何もしなければ、時間も環境も何も動くことはない。
これはゲームの世界だからだ。
実際に現実であれば、何もしなくても時間も環境も周りが動けば勝手に変わる。
このゲームにどこか言われているようだ。
何があっても世界を動かすのは俺だと、行動しないと変わることはないのだと……
「ああ……くそ……エロゲーにそんな深い意味はないっていうのにな……」
いざゲームの世界に入ることになってしまえば、感じ方が違うなんてことになるとは思ってもみなかった。
「何をしんみりとしているんだ俺は……」
さっさと行こう。
俺はさっさとエロティックタワーに向かった。
「今更だけど、おかしいよな」
エロティックタワーの前についた俺は思わずそう言葉にする。
今更と口にしたのは、エロティックタワーのことだ。
エロティックタワー。
名前の通り、このゲームにおけるメインとされる場所であり、この場所でモンスターと戦ったりすることで愛が芽生えてくるというものだ。
そんなエロティックタワーの入口は、何か見えない壁のようなものがある。
これが選別の壁と呼ばれ、エロティックタワーに入れる存在。
体験しているか、いないかを感知してくれるものになっている。
どういうシステムで作られているのか、というようなことは考えてはいけない。
ここに関しては、ゲームの中に存在している、俺たちがわからない何かによってそうなっていると考えていればいい。
このエロティックタワーには他にも変わったところがある。
それは、エロティックタワー内についてだ。
理屈はわかることはないが、俺たちがどれほどの攻撃をしても、モンスターがどれだけの攻撃をしても壊れることがない。
確かに、ゲームであれば普通ではと思うかもしれないが、そもそもゲームの時は壁に向かっていき攻撃するなどということができなかった。

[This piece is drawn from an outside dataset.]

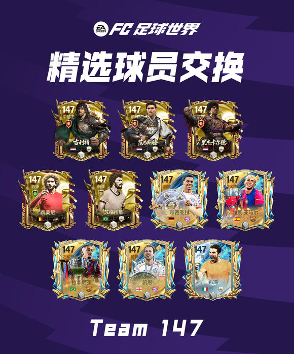 1月8日10:00-1月22日10:00,玩家可以参与143-147能力值,全新一期的精选球员交换,每个能力值的卡池限量交换2次。包括“荷兰三剑客”古利特、里杰卡尔德、范巴斯滕在内的众多顶级球星等你来拿!
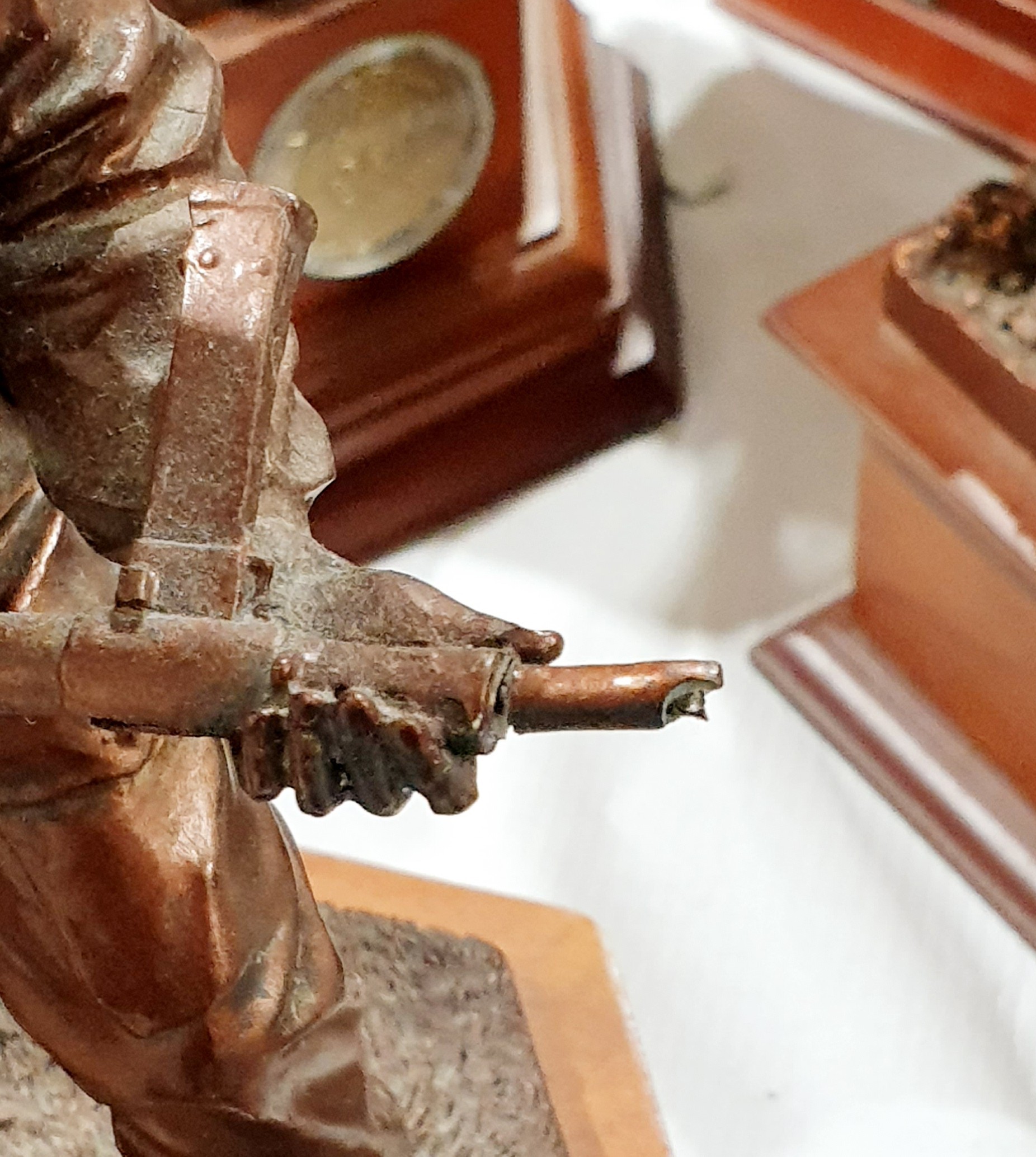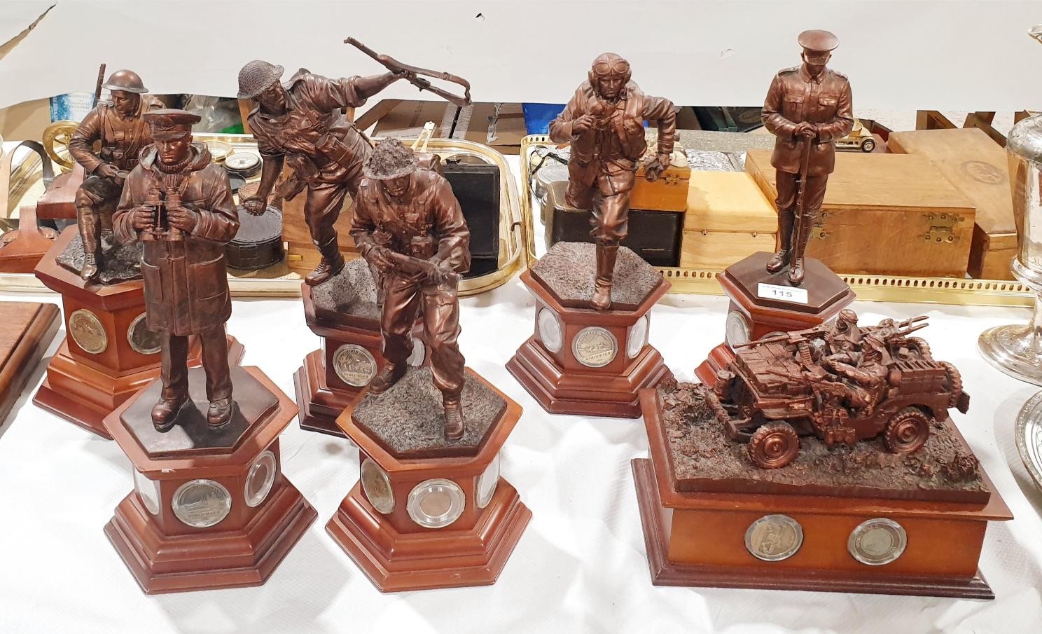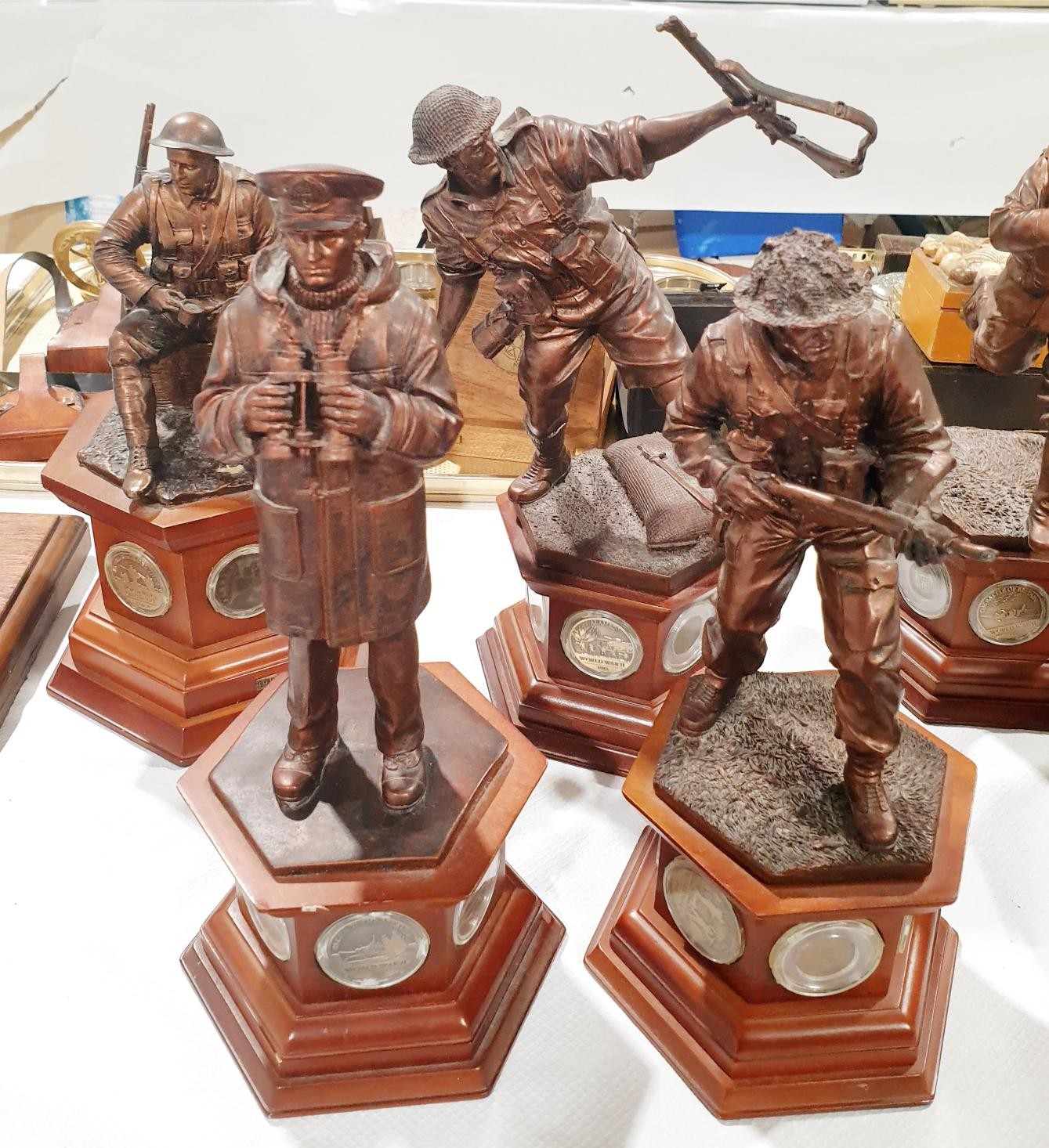 Seven Danbury Mint resin bronze effect World War I and World War II figures, two A/F, the tallest 33.5cm. No shipping. Arrange collection or your own packer and shipper, please. Electricals are sold as scrap.

それが、ゲーム世界へとやってきてできるようになった。
というのに、壁を殴ったところで壊れるようなことは絶対になかった。
まあ、そういうものなんかじゃないのか?
俺もそう思っていたが、そのせいでよくないことというのはすでに起こっていた。
昨日のエロティックタワー内を探索していたときもそうだった。
階を上がったときにそこにモンスターが溜まっていたことがあったのだ。
まるで待ち伏せだった。
で、今回もそれが起こる可能性が高いと思っている。
「どっちにしても、入ってから後悔をするか」
俺はエロティックタワーへと入っていった。
「ぼ……こら……か」(坊ちゃま、来られましたか)
「ナオ、どういう状況なんだ?」
「わか……ん」(わかりません)
案の定というべきか、始まるのは倍速の言葉。
言葉が倍速になっているだけで、何かイベントが発生したのだと理解する。
ここにいるのは、昨日と同じ面子だ。
装備を変更しているのは、俺とリーヤを含めてナオの三人。
他の三人に関しては見たままだ。
チカだけは銃になるので、弾丸は補充していることを考えると実質二人なのかもしれないが……
「何があったのか、確認しに行こう」
「はい」「や!」「ええ」「ん」「おう」
五人の返事を聞きながら、俺たちはエロティックタワーを進むことになった。